**What is needed:** In the records that follow, the lines from the one containing "2IN1 MANSET LENGAN" to the one containing "然後,在「Wi-Fi」中選擇「HAME_MR-S1_ae6e」連線。", inclusive, are to be given again exactly.

**Supplied material:**
══════════

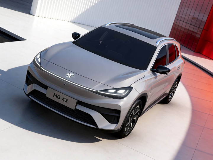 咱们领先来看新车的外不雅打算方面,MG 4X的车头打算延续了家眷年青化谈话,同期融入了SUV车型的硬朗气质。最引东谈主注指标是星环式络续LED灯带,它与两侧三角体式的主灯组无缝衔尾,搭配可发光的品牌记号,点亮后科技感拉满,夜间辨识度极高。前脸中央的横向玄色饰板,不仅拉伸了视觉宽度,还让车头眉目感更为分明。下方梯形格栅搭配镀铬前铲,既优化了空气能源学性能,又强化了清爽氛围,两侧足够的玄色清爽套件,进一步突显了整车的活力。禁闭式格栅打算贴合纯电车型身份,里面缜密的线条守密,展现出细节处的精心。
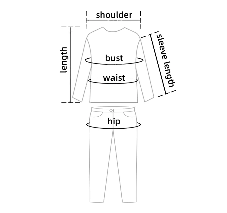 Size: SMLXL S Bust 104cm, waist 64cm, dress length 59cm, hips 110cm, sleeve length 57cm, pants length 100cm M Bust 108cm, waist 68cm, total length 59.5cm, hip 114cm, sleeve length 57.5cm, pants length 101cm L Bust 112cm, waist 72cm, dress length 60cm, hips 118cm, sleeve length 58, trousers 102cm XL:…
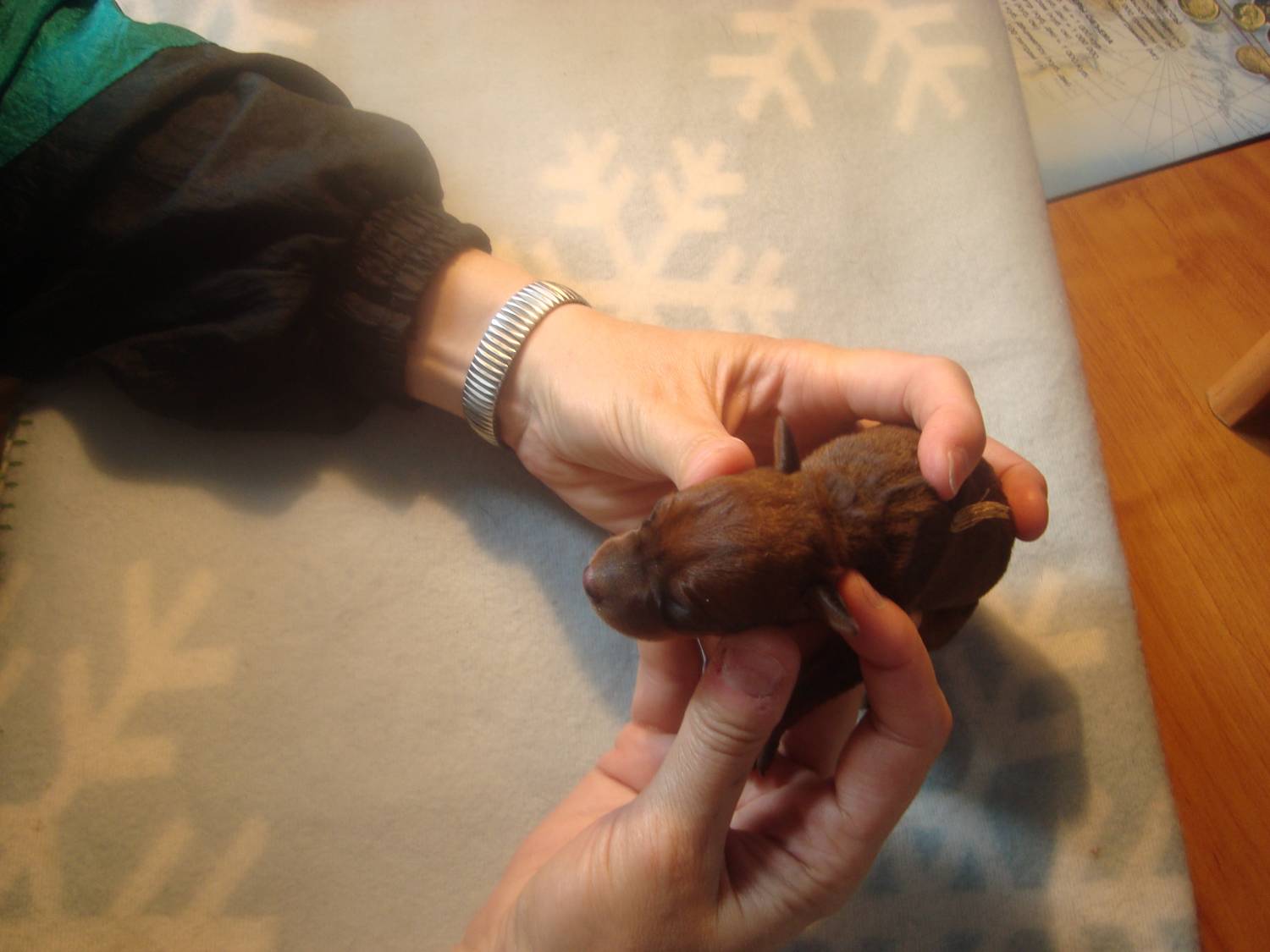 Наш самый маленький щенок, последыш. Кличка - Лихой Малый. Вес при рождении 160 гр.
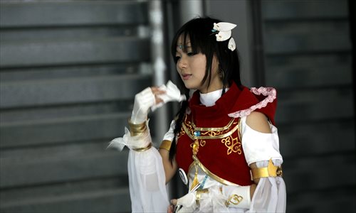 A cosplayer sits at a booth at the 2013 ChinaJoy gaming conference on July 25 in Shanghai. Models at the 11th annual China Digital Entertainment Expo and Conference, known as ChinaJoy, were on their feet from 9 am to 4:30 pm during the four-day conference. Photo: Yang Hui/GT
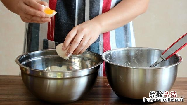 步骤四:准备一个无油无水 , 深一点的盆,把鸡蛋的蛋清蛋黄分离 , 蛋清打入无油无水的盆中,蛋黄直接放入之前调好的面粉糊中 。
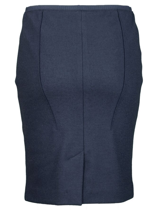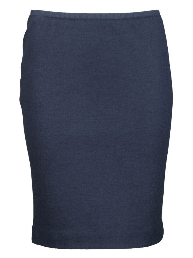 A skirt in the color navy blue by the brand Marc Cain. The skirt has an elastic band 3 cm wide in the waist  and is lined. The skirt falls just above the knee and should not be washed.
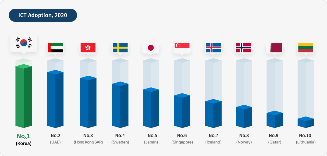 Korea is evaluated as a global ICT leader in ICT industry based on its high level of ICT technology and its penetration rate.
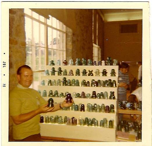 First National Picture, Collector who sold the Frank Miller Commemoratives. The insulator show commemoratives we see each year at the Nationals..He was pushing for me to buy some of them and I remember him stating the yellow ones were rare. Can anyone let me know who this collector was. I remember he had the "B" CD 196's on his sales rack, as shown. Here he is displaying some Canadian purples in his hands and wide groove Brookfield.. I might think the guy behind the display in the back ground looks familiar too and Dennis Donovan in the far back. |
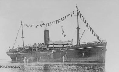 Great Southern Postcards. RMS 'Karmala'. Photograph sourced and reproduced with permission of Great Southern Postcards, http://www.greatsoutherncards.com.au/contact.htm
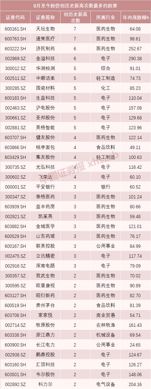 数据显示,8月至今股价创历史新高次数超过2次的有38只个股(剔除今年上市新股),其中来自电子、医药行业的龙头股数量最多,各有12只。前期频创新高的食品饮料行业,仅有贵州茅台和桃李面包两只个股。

══════════

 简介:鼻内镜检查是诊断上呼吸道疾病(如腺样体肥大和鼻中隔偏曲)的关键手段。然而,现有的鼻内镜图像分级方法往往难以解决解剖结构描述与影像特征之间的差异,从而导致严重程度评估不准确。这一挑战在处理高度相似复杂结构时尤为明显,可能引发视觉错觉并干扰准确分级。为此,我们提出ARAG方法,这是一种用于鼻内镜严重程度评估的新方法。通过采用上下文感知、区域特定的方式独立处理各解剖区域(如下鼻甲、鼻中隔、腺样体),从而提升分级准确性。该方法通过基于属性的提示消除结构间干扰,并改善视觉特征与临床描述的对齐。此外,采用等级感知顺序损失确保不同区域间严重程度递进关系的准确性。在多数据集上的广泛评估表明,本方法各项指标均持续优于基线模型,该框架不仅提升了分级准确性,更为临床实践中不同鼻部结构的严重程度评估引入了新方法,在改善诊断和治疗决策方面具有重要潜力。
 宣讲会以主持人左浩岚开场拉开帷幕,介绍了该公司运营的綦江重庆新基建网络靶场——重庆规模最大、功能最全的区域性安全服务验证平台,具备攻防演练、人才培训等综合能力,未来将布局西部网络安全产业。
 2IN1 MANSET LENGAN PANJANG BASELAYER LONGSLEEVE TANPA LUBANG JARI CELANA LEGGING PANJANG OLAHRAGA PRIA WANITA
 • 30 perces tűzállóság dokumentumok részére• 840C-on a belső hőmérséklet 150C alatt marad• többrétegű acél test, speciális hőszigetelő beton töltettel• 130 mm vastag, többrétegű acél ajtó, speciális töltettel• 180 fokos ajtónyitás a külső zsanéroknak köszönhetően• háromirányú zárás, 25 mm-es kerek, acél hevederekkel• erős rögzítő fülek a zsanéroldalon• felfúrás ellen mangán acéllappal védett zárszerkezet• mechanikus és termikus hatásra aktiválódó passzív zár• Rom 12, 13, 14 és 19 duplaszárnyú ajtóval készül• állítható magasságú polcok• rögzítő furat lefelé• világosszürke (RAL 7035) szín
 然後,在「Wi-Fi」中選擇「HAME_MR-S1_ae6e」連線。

══════════

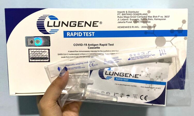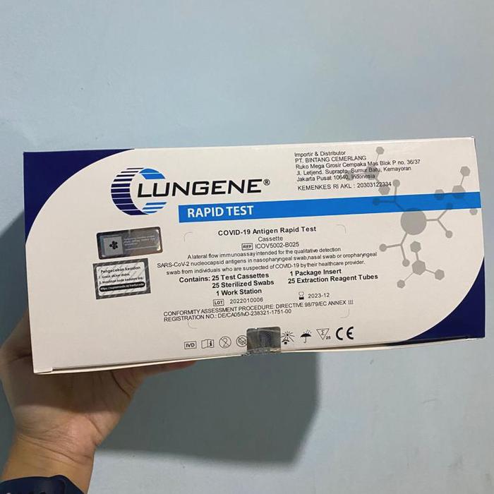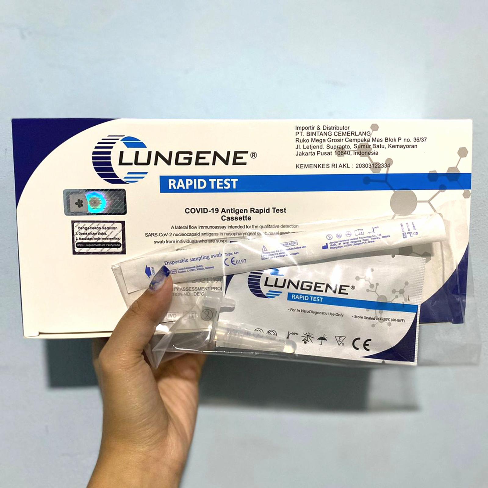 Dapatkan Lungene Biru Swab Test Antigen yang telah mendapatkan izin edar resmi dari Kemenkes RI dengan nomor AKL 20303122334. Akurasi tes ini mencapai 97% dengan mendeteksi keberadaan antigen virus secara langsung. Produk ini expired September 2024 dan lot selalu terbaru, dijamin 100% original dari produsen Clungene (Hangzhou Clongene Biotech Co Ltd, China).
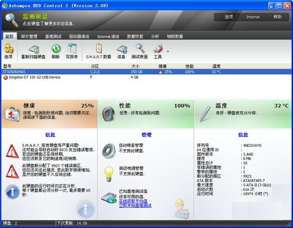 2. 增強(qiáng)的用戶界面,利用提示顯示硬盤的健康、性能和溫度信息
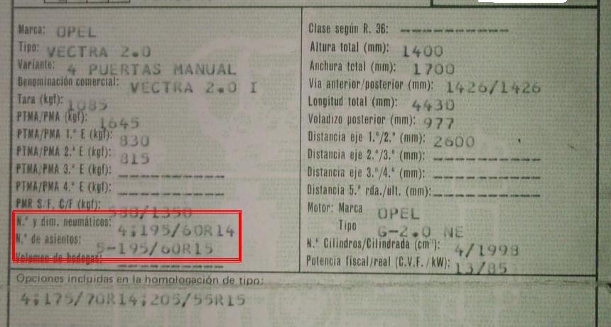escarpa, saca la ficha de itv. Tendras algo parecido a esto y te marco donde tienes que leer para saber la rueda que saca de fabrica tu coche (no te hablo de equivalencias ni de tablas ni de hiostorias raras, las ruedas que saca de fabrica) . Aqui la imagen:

══════════

**Output for this exercise:**
 2IN1 MANSET LENGAN PANJANG BASELAYER LONGSLEEVE TANPA LUBANG JARI CELANA LEGGING PANJANG OLAHRAGA PRIA WANITA
 • 30 perces tűzállóság dokumentumok részére• 840C-on a belső hőmérséklet 150C alatt marad• többrétegű acél test, speciális hőszigetelő beton töltettel• 130 mm vastag, többrétegű acél ajtó, speciális töltettel• 180 fokos ajtónyitás a külső zsanéroknak köszönhetően• háromirányú zárás, 25 mm-es kerek, acél hevederekkel• erős rögzítő fülek a zsanéroldalon• felfúrás ellen mangán acéllappal védett zárszerkezet• mechanikus és termikus hatásra aktiválódó passzív zár• Rom 12, 13, 14 és 19 duplaszárnyú ajtóval készül• állítható magasságú polcok• rögzítő furat lefelé• világosszürke (RAL 7035) szín
 然後,在「Wi-Fi」中選擇「HAME_MR-S1_ae6e」連線。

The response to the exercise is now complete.